Put in on a UPS truck. Those guys go everywhere.
but only make right hand turns.
Can they prove that Jones was in the vehicle for every movement they tracked?
That would have been an excellent question for Jones' defense attorney during trial.
Ginsburg distinguished the tracking of Jones, which continued 24 hours a day for a month, from the use of a radio transmitter ("beeper") to help police follow a car, which the Supreme Court has said does not require a warrant
... now we're merely haggling over the price.
Good thing "slippery slope" concerns are fallacies...
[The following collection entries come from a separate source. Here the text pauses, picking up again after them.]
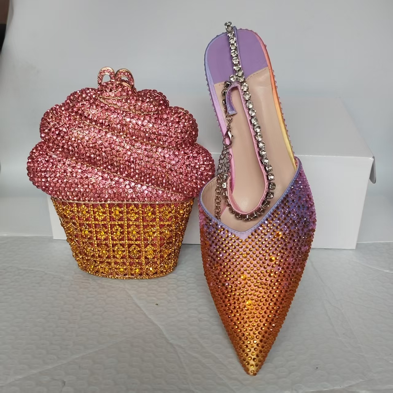 2025 レディース ハイヒール イブニング バッグ セット ポインテッドトゥ ハイヒール サンダル リボン ダイヤモンド ハンドバッグ バンケットバッグ
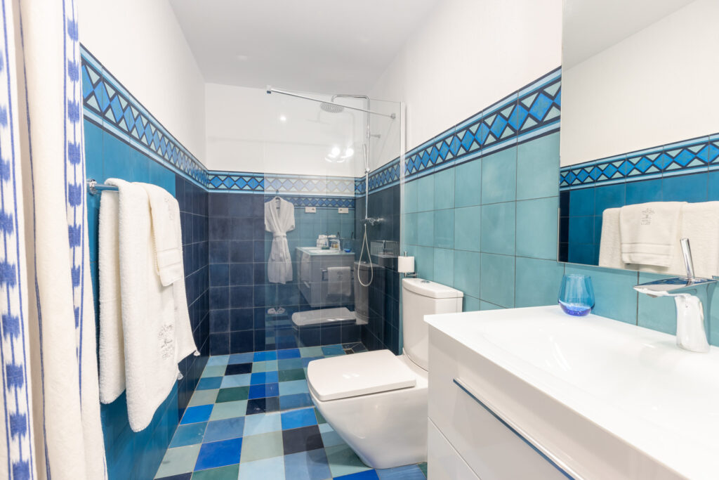 Step into the enchanting embrace of Aguamarina Nocturna, where its tranquil hues evoke the timeless allure of Andalusia’s nocturnal serenity and the room’s refreshing ambiance and spacious shower are perfect for balmy summer nights. Inspired by the moon-kissed waters that grace Andalusia’s shores, this room offers a sanctuary of quiet reflection beneath the gentle gaze of the evening stars where the wall adorned with lanterns offers a mesmerizing view from the flexibility of your Hästens bed, which can be separated into two, casting a warm glow across the room. Here, amidst the soft murmur of the night and the gentle play of moonlight on the waves, guests are invited to lose themselves in the ethereal beauty of Andalusia’s nocturnal embrace.
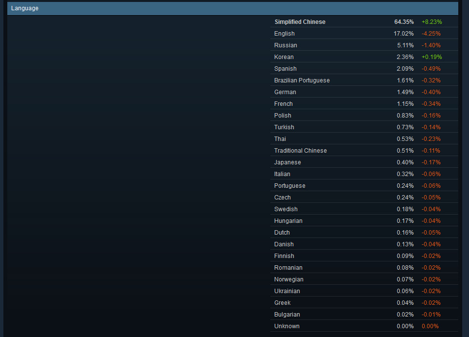 在11月份的调查报告中有一项语言分类,可以看到使用简体中文的玩家大幅成长,已经达到整个Steam的64.35%,单单一个月就暴升6.67%。而紧接着的是英语系玩家,约17.2%,至于台港澳使用的繁体中文占比则为0.51%,比起上个月则下跌了0.11%。
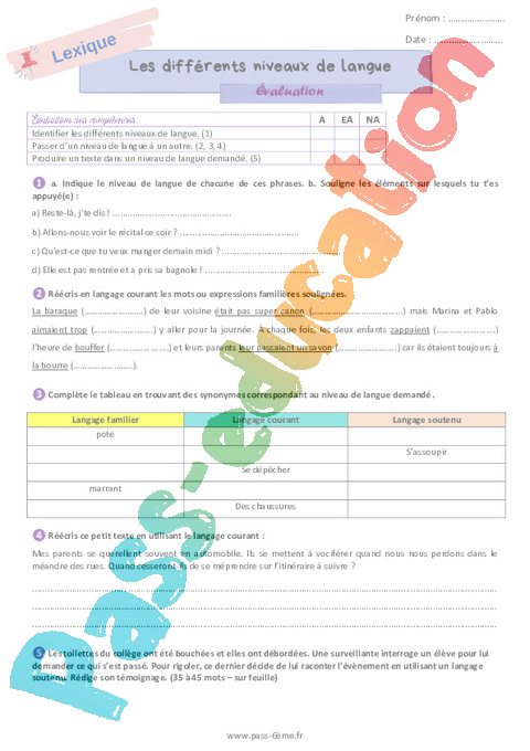Evaluation 6ème Les différents niveaux de langue pdf
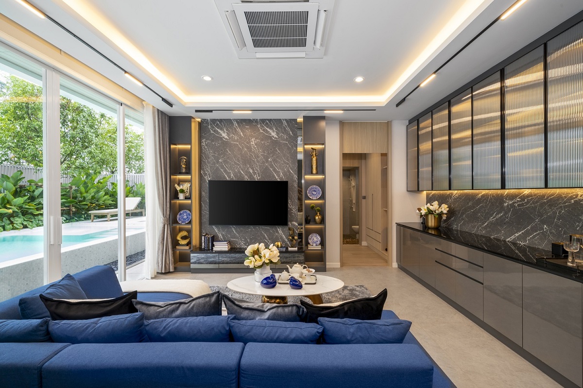 ขณะที่การตกแต่งภายใน จะเน้นการสร้างแนวคิดการอยู่อาศัยที่ชูถึงความเป็นOasis of Living ผลงานการดีไซน์ของ Interior Vision กับการตกแต่งบ้าน Type S (SUNSHINE) มาใช้เป็นแนวคิดหลักของการตกแต่งที่ต้องการจะสื่อให้สัมผัสถึงความเป็น “ถ้ำแห่งความสงบ” ที่นำสีความเป็นธรรมชาติจากในถ้ำอย่าง Larvikite เข้ามาเป็นแรงบันดาลใจในการตกแต่ง ที่ต้องการสื่อให้รู้สึกถึงความโมเดิร์น เรียบ เท่ มีความเป็นตัวเอง ผ่านการออกแบบพื้นที่ใช้สอย รวมถึงการเลือกเฟอร์นิเจอร์และของตกแต่งที่นำมาใช้ในแต่ละพื้นที่ของบ้าน
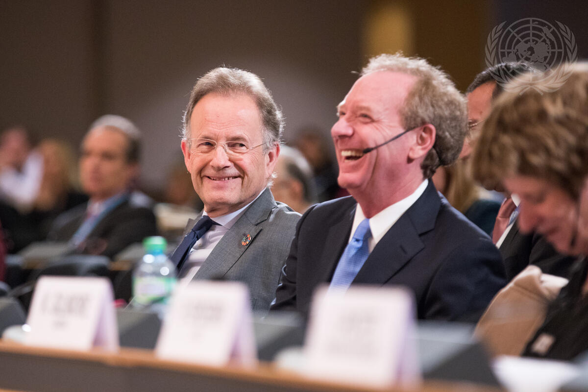 Michael Møller (centre left), Director-General of United Nations Office at Geneva (UNOG), and Brad Smith (centre right), President and Chief Legal Officer of Microsoft, at the Geneva Lecture Series 2017, held on the theme ""Current Internet Governance Challenges: what’s next?"".
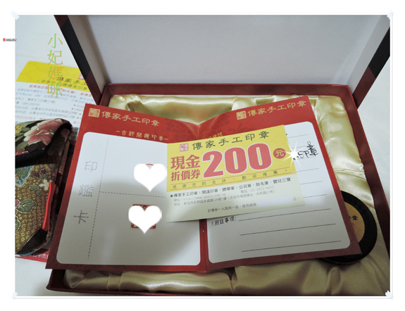 除此之外貼心的店家還送200元現金折價券,我打算送給介紹我去傳家的朋友,聽說她年底還要再去做臍帶章,現在我也可以了解為什麼她這麼喜歡這間店,謝謝她介紹這間店給我,我還是第一次看到一間店有這麼多材質可以選擇,超過上百種真的不誇張,這讓我非常驚艷,還有很多我沒看過的種類,真的是很用心經營的一家店,不只印章種類品質好,店家的服務態度也讓我很滿意,所以藉這個機會介紹給大家好康道相報,有機會一定要去看看喔。 |

I'm surprised the court doesn't distinguish between tracking an individual and tracking an individual's car.
Give them time, AT.
"But the question should not be about what people actually expect, but what they should be entitled to expect under the Fourth Amendment." Kinda like, questions about the limits on Congress under the Commerce Clause shouldn't be about what people expect (no one should be forced by law to by a GM car), but what they should be entitled to expect (no one in Congress would be silly enough to pass such a law).
The Supreme Court is just another thing that I've lost faith in, and wonder why I ever had any faith in it to begin with.
In cases like this, nobody ever seems to ask "from where does the government get the rightful authority to take this action?" The starting point is always that the government has the authority to do any damn thing it wants to, unless you can find text in the BoR to prohibit it. And even that won't stand up to a "compelling government interest".
Just how is it that the nine robed weirdos get to decide for me how much privacy I can "reasonably expect"?
It's all a big fucking fraud.
Thanks a lot, Obama administration, for again shirking your duties.
Kashmir Hill in Forbes, a couple days ago:
I am so fucking over these jackass conservatives who thumb their noses at privacy rights and any sort of limitation of state power. Forbes used to be a useful financial digest, but these days reads increasingly like a print version of the idiot screamers at Fox News, babbling on with Team Red flag-waving. They are the intellectual and political equivalent Joe Paterno, ignoring the horrors they allow by their feigned ignorance. There is this one difference, though: to really make the analogy stick, Paterno would have to be recommending child rape in public.
How much "mulling" can this take?
With my psychic powers, I delve into the inner thoughts of a randomly-selected supreme court justice:
Lemme see...is surreptitiously placing a sensor out of a James Bond movie on somebody's car without a warrant a violation of the fourth amendment, which states, "The right of the people to be secure in their persons, houses, papers, and effects, against unreasonable searches and seizures, shall not be violated, and no Warrants shall issue, but upon probable cause, supported by Oath or affirmation, and particularly describing the place to be searched, and the persons or things to be seized."
Hmmm....of course it's illegal. What is this, East Germany? I can't believe I wasted my time going to law school for this.
When's lunch?
[suppresses yawn]
Where was I?
Oh, yeah...seven letter word for "ya-think?"